Identity is also addressed through the use of foreign words: Ghali rhymes in Tunisian, French and Italian in his YouTube hit «Wily Wily»: «Ndiro lhala sans pitié / Fratello ma 3la blalich / En ma vie ho visto bezaf / Quindi adesso rehma lah» (We're going crazy with no regrets / Fam, I don't care if people criticise / I have been through a lot / So now I don't feel pity). In a similar fashion, Verona-based squad Baida Army, headed by tattoo-lover Jamil, revels in the use of foreign slang: terms like «kho» (Arabic for brother, also championed by Italo-Moroccan rapstar Maruego) and «zebby» (manhood) recur in many lyrics by Dakar-born Mboss and Italo-Moroccan Amill Leonardo.
DIY Attitude
In order to deliver their own portrait of what immigrants look like and get round the barriers often erected by Italian mainstream media, many second-generation Italian trappers (this also applies to artists of Italian descent like Milanese rapstar Sfera Ebbasta) have decided to own and curate their music business. Since Wu Tang Clan, rap music has always been «crew-centred»: being part of one offers a sense of belonging and a platform to increase exposure. Social media have empowered this DIY attitude, and Italian collectives like Brescia based Mancamelanina Records (comprising Tommy Kuti, Diss 2 Peace, Slim Gong, Blackson and Roy Raheem) have been quick to capitalise these new tools of promotion.
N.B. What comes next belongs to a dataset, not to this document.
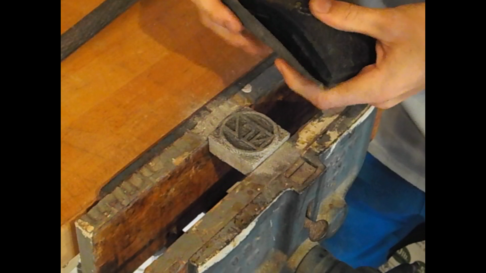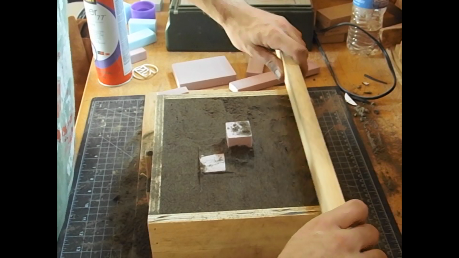 3.) Center the etched foam piece inside the bottom of one half of the box with the logo facing up. Sift some green sand into the box and ensure that it gets packed tightly into all the details of the brand. Take a square piece of wood and use it as a ram rod for ensuring that there are no voids in your casting box. Over fill the box slightly with packed sand and then drag a straight piece of wood across the top to make the sand smooth.

One prime example is Mudimbi's viral campaign for his recent album Michel: the son of a Congolese father and an Italian mother, Michel Mudimbi «invaded» (a verb used countless times by Lega Nord politicians to talk about the «immigration crisis») many Italian cities with a picture of himself as a toddler. For anyone in Italy who has been numbed by the appalling images of overcrowded boats trying to reach our coasts, a simple photo like that, chosen by Mudimbi for the promotion of his irony-laden album, is more powerful than a thousand words.